Raxx · internal docs

internal · gated ↑ index

Prod-Deploy Gating — Universal Pattern + Console First Implementation

Status: Proposed Owner: software-architect Date: 2026-04-29 UTC Refs: #81 (SDLC epic), Kristerpher directive 2026-04-29 Related ADRs: 0028, 0029 Related docs: branch-promotion-strategy.md, console-env-switcher.md


1. Context

Today, raxx-console-prod is deployed via a manual git subtree split and push to Heroku. No confirmation, no diff preview, no audit entry, no post-deploy smoke check. v30 shipped this way on 2026-04-29; the operator had no gate between "git push" and "console is updated in production."

The other prod surfaces have partial gating:

Surface Heroku app Current prod gate
Raptor (backend) raxx-api-prod deploy-heroku.yml workflow_dispatch with environment: production input.

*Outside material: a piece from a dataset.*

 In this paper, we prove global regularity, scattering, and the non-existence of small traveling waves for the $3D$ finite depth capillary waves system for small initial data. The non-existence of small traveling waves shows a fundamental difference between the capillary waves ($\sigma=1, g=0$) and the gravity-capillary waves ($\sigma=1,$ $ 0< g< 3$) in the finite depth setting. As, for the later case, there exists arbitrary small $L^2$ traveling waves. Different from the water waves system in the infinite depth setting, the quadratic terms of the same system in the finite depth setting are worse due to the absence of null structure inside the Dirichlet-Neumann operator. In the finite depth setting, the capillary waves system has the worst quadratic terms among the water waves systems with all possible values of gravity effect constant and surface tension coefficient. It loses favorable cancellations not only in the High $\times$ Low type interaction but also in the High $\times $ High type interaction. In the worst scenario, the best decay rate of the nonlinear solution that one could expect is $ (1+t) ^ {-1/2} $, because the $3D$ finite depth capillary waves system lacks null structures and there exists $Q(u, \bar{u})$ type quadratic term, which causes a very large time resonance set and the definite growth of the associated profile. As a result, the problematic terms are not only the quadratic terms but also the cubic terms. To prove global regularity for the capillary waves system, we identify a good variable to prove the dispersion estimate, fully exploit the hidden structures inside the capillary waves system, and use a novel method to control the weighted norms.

Has gate.
Antlers (frontend) CF Pages raxx.app Tag-gated via deploy-antlers.yml (extracted from deleted deploy.yml — #698 / PR #837); production environment gate (ADR-0020). Has gate.
Console raxx-console-prod Pure manual subtree push. No gate.
Docs/mockups CF Pages Auto-deploy on path filter; low blast radius. Acceptable for static content.
Lightsail (tickets/vault) N/A (Terraform) Manual terraform apply with snapshot-before-apply convention. Adequate.

raxx-console-staging is being retired approximately 2026-05-07, post env-switcher soak (see console-env-switcher.md §8 and ops-runbook). The console is becoming a single prod deployment with an in-app env switcher. This makes the absence of a console deploy gate more acute: there is no second deployment to catch mistakes.

Objective: Define a universal gating pattern applicable to every prod surface, then implement it for the console as the first concrete application.


2. Invariants

All platform invariants apply. Deploy-gating-specific:

  1. No stored credentials. Deploy secrets (Heroku API key, CLOUDFLARE_API_TOKEN, CLOUDFLARE_EDIT_DNS) live in GitHub Environments secrets or Infisical. They must never appear in workflow YAML files or shell scripts that ship in the repo.

  2. Audit trail for every prod deploy. Every prod deploy must record: actor identity, source SHA, target SHA, target app name, timestamp (UTC), and outcome. This is a platform invariant per the north-star.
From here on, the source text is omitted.